I like the birdhouse, heck I even got a few little birds around here


----------



## bear hide (Feb 14, 2008)

I like the bird house ornament. I'm retiring Thursday. After a hundred thousand honey-dos, I may have time to spin something.


----------



## Slip (Jul 25, 2006)

If and when I ever get back to the US, I will have to try to participate in what ever is decided. Even if the pen thing gets picked or the birdhouse, my Mustard Monster will sure try to spin something even that small. I'm just getting anxious to get back and try one. So far, I think I will fly back home June 20th if all continues to go well. Or at least I hope so. Sure is a lot of Euculiptus (sp.) trees here. Not sure how I can slip some through customs on the plane though.


----------



## Bobby (May 21, 2004)

The bird house ornaments are easy to make and open to your imgenation(sp). I made about 30 of them and have 2 or 3 left.My wife loves to give them away.


----------



## Robert A. (Jan 8, 2009)

bear hide said:


> I like the bird house ornament.
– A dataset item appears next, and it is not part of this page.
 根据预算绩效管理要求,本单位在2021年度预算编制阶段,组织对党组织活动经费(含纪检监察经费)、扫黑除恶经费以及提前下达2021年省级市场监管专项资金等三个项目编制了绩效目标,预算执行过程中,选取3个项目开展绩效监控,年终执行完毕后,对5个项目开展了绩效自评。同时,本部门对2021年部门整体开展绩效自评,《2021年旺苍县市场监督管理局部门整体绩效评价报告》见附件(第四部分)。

I'm retiring Thursday. After a hundred thousand honey-dos, I may have time to spin something.


Congradulations Bear hide!!! Good luck with your Retirement!!


----------



## Tortuga (May 21, 2004)

bear hide said:


> I like the bird house ornament. *I'm retiring Thursday. *After a hundred thousand honey-dos, I may have time to spin something.
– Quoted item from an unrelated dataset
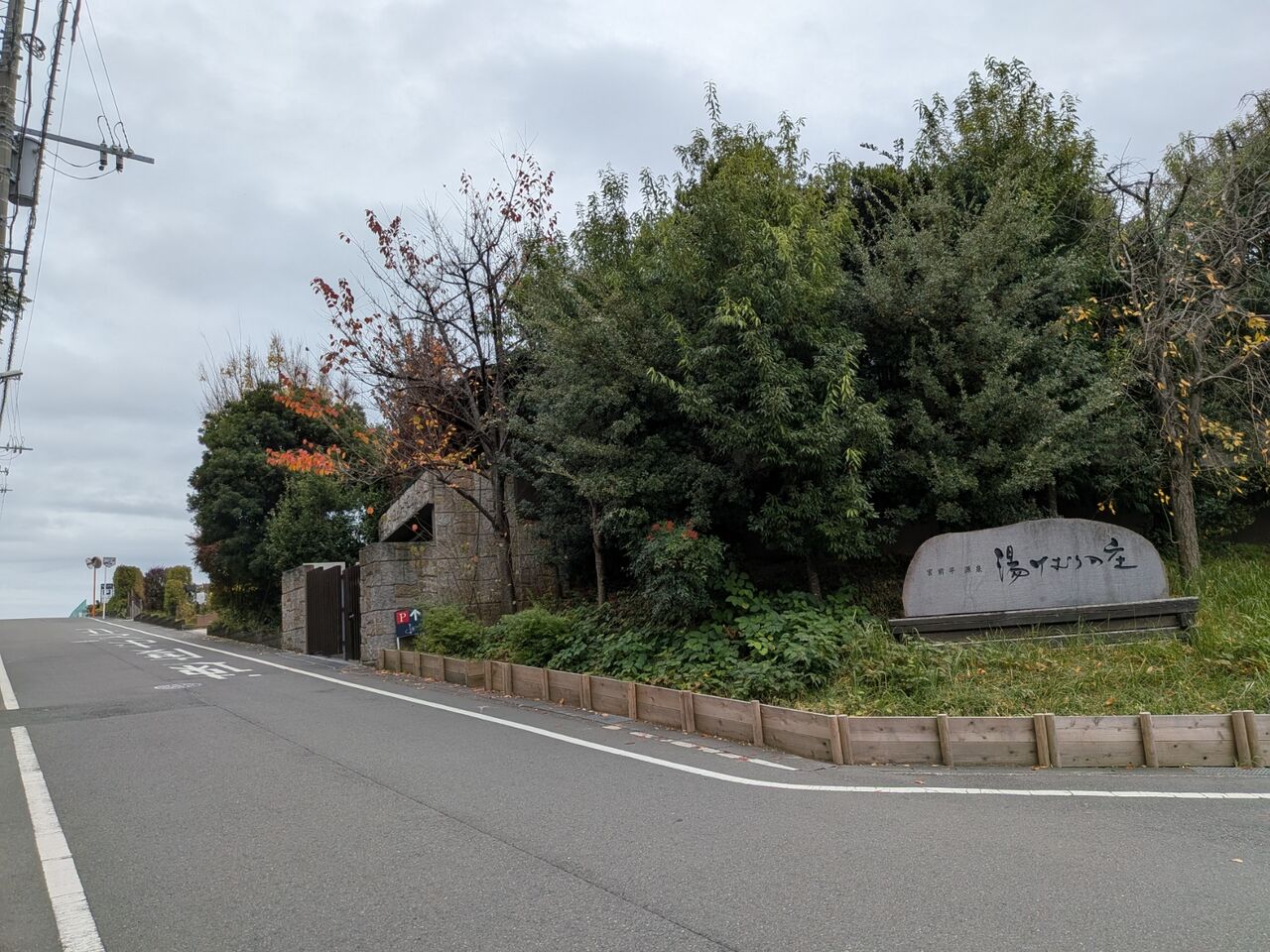 そして上り坂を少し進むと温浴施設が見えてきます。

Congrats on the retirement,Bear.. Welcome to the world of the 'slowly decomposing'...even though you are a mighty young buck to have pulled this off... I'll give ya 90 days till you are wondering..."Now, what the heck can I think of to do today ?"...:biggrin:

As to the 'challenge'...I kinda like Bobby's suggestion..lotsa room for imagination there...and could come up with some cool Christmas ornaments. just my .02


----------



## 3192 (Dec 30, 2004)

Put me down for the birdhouse project. gb


----------



## bill (May 21, 2004)

looks like it's done...June Birdhouse


----------



## bear hide (Feb 14, 2008)

galvbay said:


> Put me down for the birdhouse project. gb


Uh oh.... we got us a ringer, Boys.

Jim will probably turn a bird house that a Condor could nest in. LOL.


----------



## bear hide (Feb 14, 2008)

Tortuga said:


> Congrats on the retirement,Bear.. Welcome to the world of the 'slowly decomposing'...even though you are a mighty young buck to have pulled this off... I'll give ya 90 days till you are wondering..."Now, what the heck can I think of to do today ?"...:biggrin:
> 
> I reached a mutual diagreement with my company and am taking an early retirement severence. I am very happy. I will have to get another job. My wife said so.


----------